# Tips On How to make your Booth stand out at Festivals and Concerts/Effective Showcase



## forfeitclothing (Apr 25, 2007)

I Could not find a thread about this after searching, and I think it is a pretty good topic, so I figured I would start one since summer is coming up, and summer means festivals, and concerts.

I am going to be at warped tour 5 dates, And This is what i am up against
Over 100 bands That will all be selling merch

Bands have their own tent
Labels have their own tents
Other clothing lines have tents
Just about everyone has a tent at the warped tour!

What Suggestions do you all have about How to draw a crowd to my tent? Note: I cannot display entertainment of any sort. I can only make My tent intriguing(sp?) enough to catch peoples attention from a distance, and once they get to my tent, any Ideas on how to keep it, get a sale? I have been thinking about it, and figure you guys know better then anybody else. I need something that will attract all of the kids to give my tent a second glance becuase it stands out...
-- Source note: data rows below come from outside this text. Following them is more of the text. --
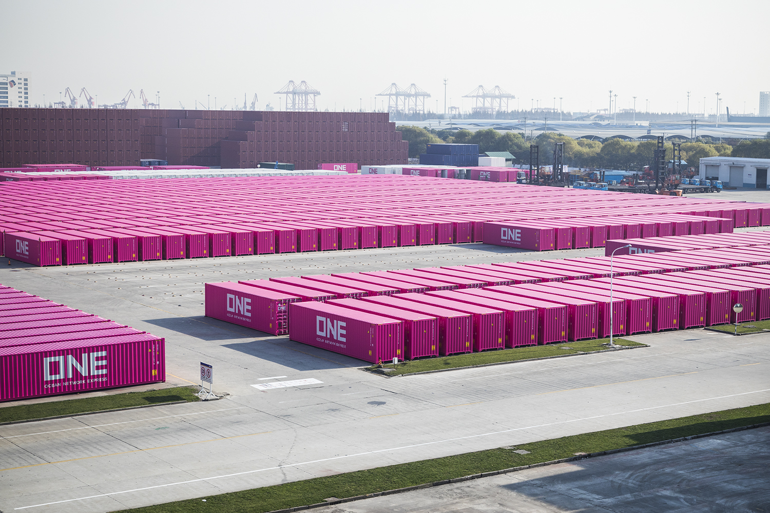 コンテナは国際標準化機構(ISO)の規格に基づいて専用の工場で作られています。鋼材のパーツを溶接しながらコンテナの形に組み立て、マゼンタ色に塗られたら、ONEのロゴも描かれます。その後、厳しい検査に合格すると、世界中で活躍する「はこ」としてデビューします。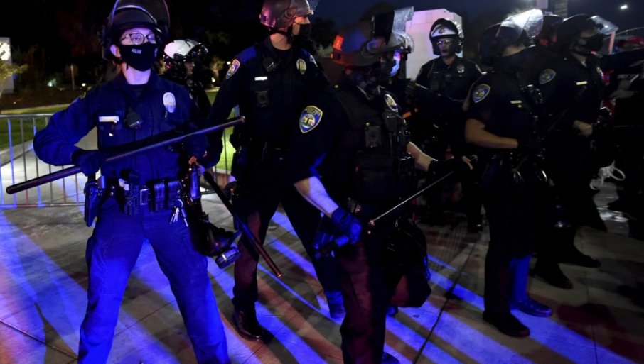 Полиција је већ привела неколико људи док зградом одјекују повици "примирје сада", преноси Фокс њуз.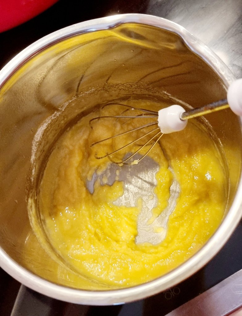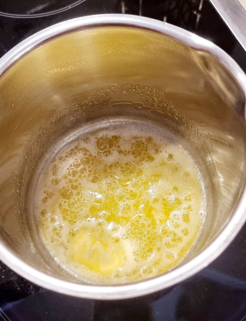 Während die Pasta kocht bereiten wir die Parmesancreme vor. Den Käse reiben und beiseite stellen. Die Butter in einem Topf schmelzen und das Mehl hinzufügen. Rühren bis sich die Butter und das Mehl sich verbinden. Nach und Nach die Milch hinzugeben und immer weiterrühren.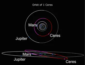 Ceres follows an orbit between Mars and Jupiter, near the middle of the asteroid belt, with an orbital period (year) of 4.6 Earth years.[2] Compared to other planets and dwarf planets, Ceres's orbit is moderately tilted relative to that of Earth; its inclination (i) is 10.6°, compared to 7° for Mercury and 17° for Pluto. It is also slightly elongated, with an eccentricity (e) = 0.08, compared to 0.09 for Mars.[2]

So.. Any tips on what Does work good, and what Does not work good?

And .. Any tips on cool ways to Showcase your shirts.. (Hangers from top, Staple them to something?) What ways did you find most convienent, effective, etc etc.. 


Thanks


----------



## PrintMonkey (Jul 15, 2006)

How much space do you have? Bigger the better.
Know any sexy women that can help you out? Or hire some, $75 a day + $2 bonus for every shirt they sale. Sex Sells!
Have something you can give out for free, just don't make it easy.

Display: Gridwall display like these (link for show).

M


----------



## MBrhythm (Mar 1, 2007)

forfeitclothing said:


> I Could not find a thread about this after searching, and I think it is a pretty good topic, so I figured I would start one since summer is coming up, and summer means festivals, and concerts.
> 
> I am going to be at warped tour 5 dates, And This is what i am up against
> Over 100 bands That will all be selling merch
> ...


Also read this
http://www.t-shirtforums.com/offline-retail-tradeshows/t14028.html


----------



## Robin (Aug 28, 2006)

Now I havent been to one of these events so I really dont know what you are up against. But the first thought that came to my mind....since you need to attract ppl in large crowds to your plain white tent........is to get some paint out and do it up to look like a medieval tent. Striped colours in jewel tones, with gold piping(paint) with matching flags flying from the top. Should be fairly inexpensive to do, just will take time. 

I dont know about anyone else, but Id certainly want to go see whats in the colourful tent with flags flapping in the wind!! 

If you dont already have a tent, get the kind that peaks high in the middle rather than the plain flat topped type. That way your flags will fly over top of all the other guys.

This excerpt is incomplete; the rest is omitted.